A total of 10 articles were included. Most women favoured vaginal birth, associating it with satisfaction, fear of surgery and cultural norms. Caesarean sections were favoured because of a fear of pain, previous caesarean section experience and the perception that it was easier. There were poorer physical and mental postpartum quality of life outcomes for caesarean sections and assisted vaginal birth, even after 10 years.

Conclusions

Healthcare professionals require more exposure to supporting women to decide on mode of birth. Routine checks for new mothers require a holistic, person-centred approach as opposed to generalised care.

Implications for practice

Healthcare workers can and should make every contact with intending and present mothers count. Open conversations about childbirth need to be had, even outside of women's health spaces, with appropriate referrals and signposting to best available evidence for informed decisions to be made regarding mode of childbirth and expected outcomes.

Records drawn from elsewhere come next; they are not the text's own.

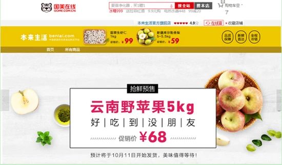 2016年10月,國美在線與生鮮電商本來生活網達成戰略合作。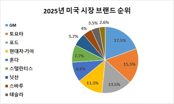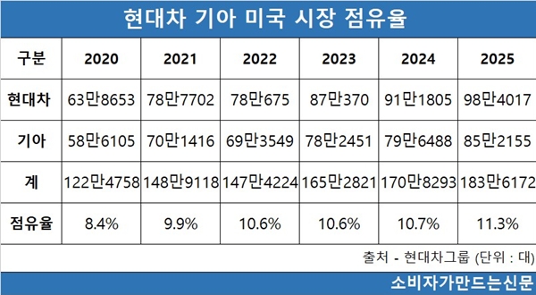 이같은 판매량에 힘입어 현대차와 기아의 지난해 미국 시장 점유율은 2024년 대비 0.6%포인트 상승한 11.3%를 기록했다.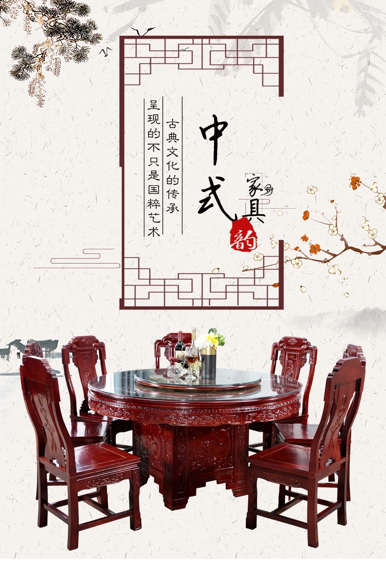 多子(dZ)純木テーブルの円形の中国式彫刻テーブルと椅子の組み合わせ家庭用ベルト回転テーブル付き円卓ホテル純木台のテーブル+象頭椅子の8つの1.5メートル(注文メモの色)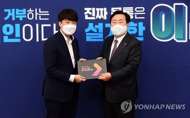 (서울=연합뉴스) 전수영 기자 = 국민의힘 이준석 대표와 김기문 중소기업중앙회장이 15일 오전 서울 여의도 국회에서 열린 국민의힘-중소기업중앙회 간담회에서 기념사진을 찍고 있다. 2021.10.15 [국회사진기자단]

Caesarean section rates have steadily increased, with global rates of 21.1% almost doubling since 2000 (Zewude et al, 2022). World Health Organization (WHO, 2021) records show that caesarean section rates grew from 7% in 1990 to 21% in 2021. By 2030, it is predicted that one-third of all births will likely be by caesarean section (WHO, 2021). This escalation is associated with an increase specifically in women choosing to have a caesarean section, as over 40% of caesarean sections are elective (Evans et al, 2022). This indicates a need to understand the driving factors and perceived benefits behind decision making in relation to mode of birth (Miller et al, 2016). It has been suggested that caesarean section may be seen as an easier option, although there is limited evidence to support this (Loke et al, 2015). Tuschy et al (2018) suggested that it was the result of advancements in medical procedures and equipment, as well as guidelines supporting women's autonomy in decision making (National Institute for Health and Care Excellence, 2019).